Лишь приехав, — на станции ожидал экипаж, а рядом стоял один Мангольф, и Терра вышел медленнее, чем только что предполагал, — лишь приехав, он понял, что не действовал, а чувствовал, вернее только стремился чувствовать. «Чего я ищу здесь, чего я могу здесь искать?» Его приезд был возвратом к бесцельности, он строго осудил себя за это. Все еще одурачен своими грезами, все еще не настоящий мужчина, — вот и стой под мокрым снегом, из-за глупого любовного эпизода, запоздалого для юноши, преждевременного для мужчины.
Ошеломленный этой внезапной переменой всей ситуации, он подошел к Мангольфу.
— Неужто в самом деле ты?
Мангольфу ситуация представлялась, по-видимому, еще более сомнительной, это вернуло Терра самообладание.
— Долго мы будем удивляться, что едем вдвоем в этом экипаже? — и хлопнул друга по колену.

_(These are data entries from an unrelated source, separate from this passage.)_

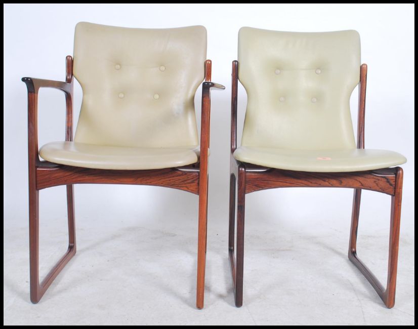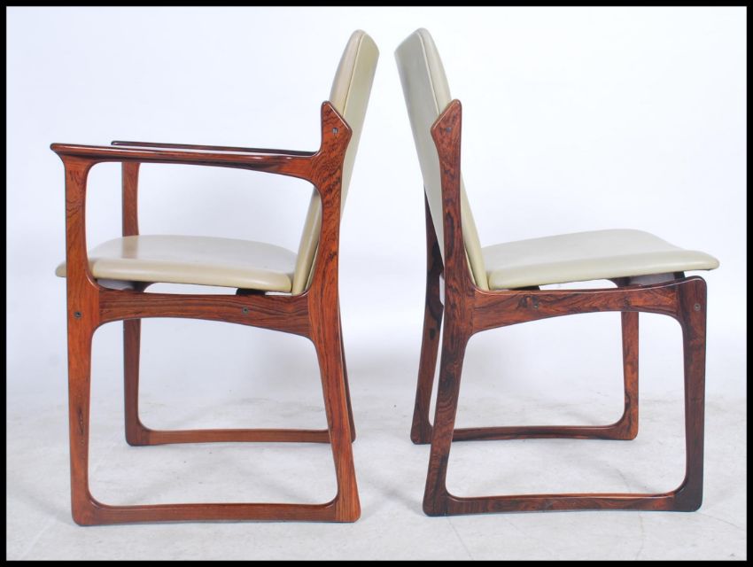 An exceptional set of Danish dining chairs from the mid 20th century being shaped and chamfered to the edges being upholstered in cream leather fabric. Measures: 85cm high x 61cm wide x 55cm deep.
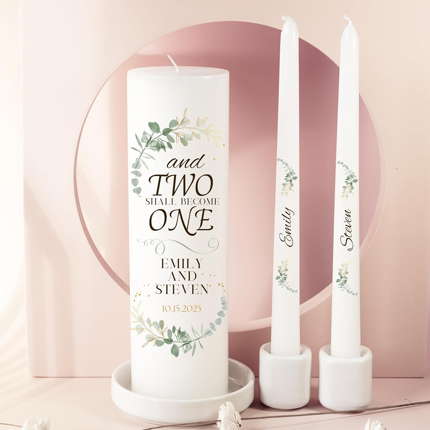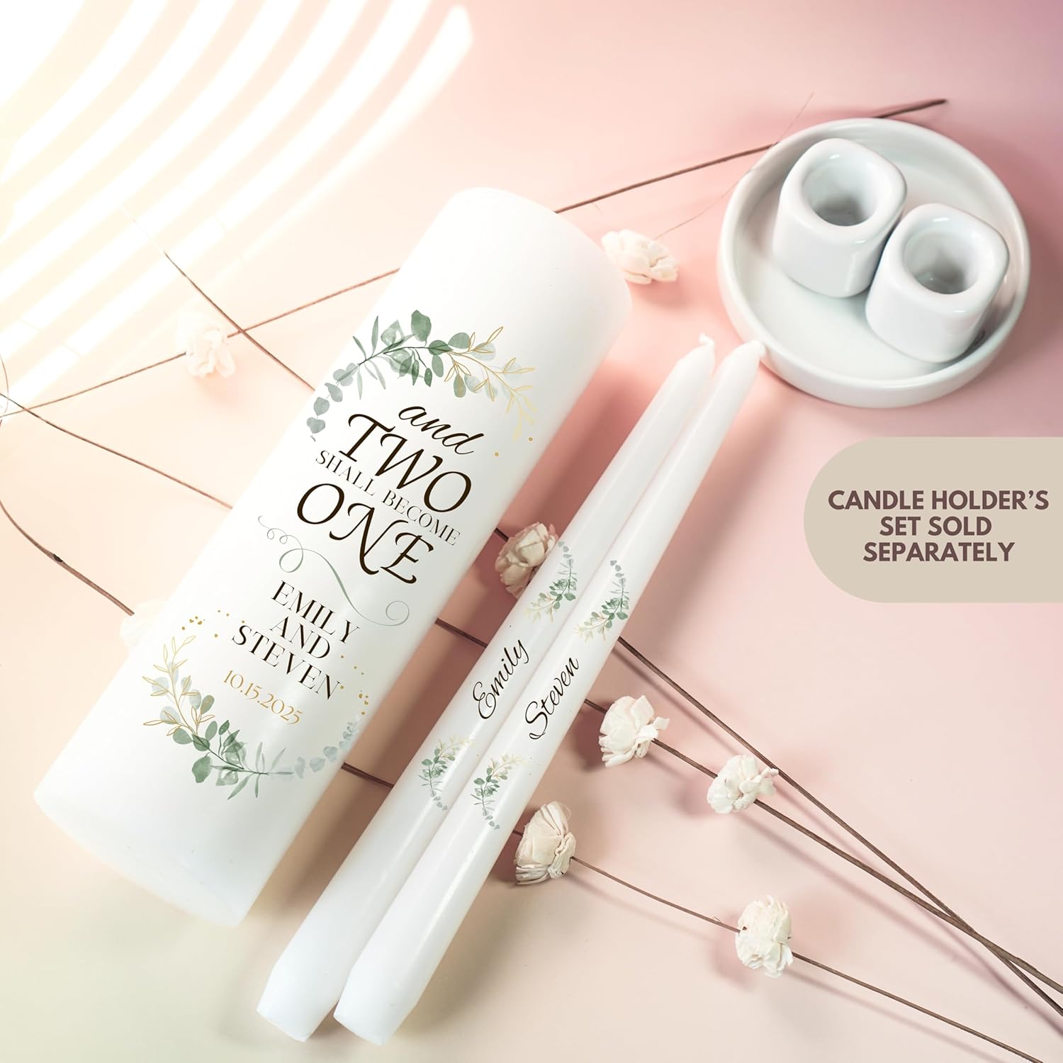 Unity Candles for Wedding, Modern Unity Set, Custom and Personalized Pillar and Taper Candles with Quote, Unscented White Premium Wax, Religious and Wedding Ceremony, Special Events (Custom Date)
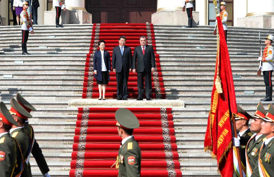 Chinese President Xi Jinping (C) attends a welcoming ceremony held by Tajik President Emomali Rahmon in Dushanbe, capital of Tajikistan, Sept. 13, 2014.(Xinhua/Ma Zhancheng)
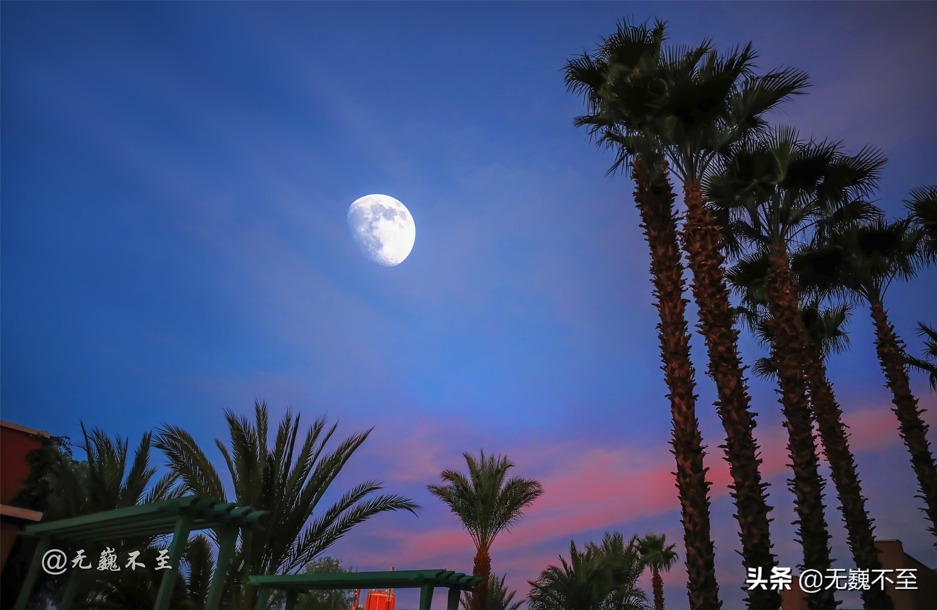 月华似水,椰影摇曳,东方喷薄欲出的朝阳蓄势待发,已经在天际挥洒出几道玫瑰红,黛青色的天空逐渐透出些粉亮,于是空气中也便多了几丝温情暧昧的味道:沙含清露寒犹微,梦醒长庚天欲晓,淡月朦胧暖霞侵,明透棕榈思渺渺。

— Надеюсь, ты не ждал, что в нем окажется графиня Ланна? — спросил тот.
— К чему столь многозначительно? Я еду развлечься, как подобает молодому человеку. Ничего серьезного меня здесь не ждет.
— Так каждый думает сначала. Но потом ты поступишься внутренней свободой, лишь бы вырваться. Твои стремления не больше застрахованы от противного ветра, чем мои.
— Я слышу в твоих словах горечь пережитых неудач.
— Сегодня вечером Толлебен выезжает в промышленную область, а завтра отправляется дальше вместе с женой.
— Всегда может случиться что-нибудь непредвиденное, — сказал Терра. — Тебя ничто не поражает в Толлебене? Я считаю его преступником по натуре, шагающим по трупам.
— К этому не всегда представляется случай.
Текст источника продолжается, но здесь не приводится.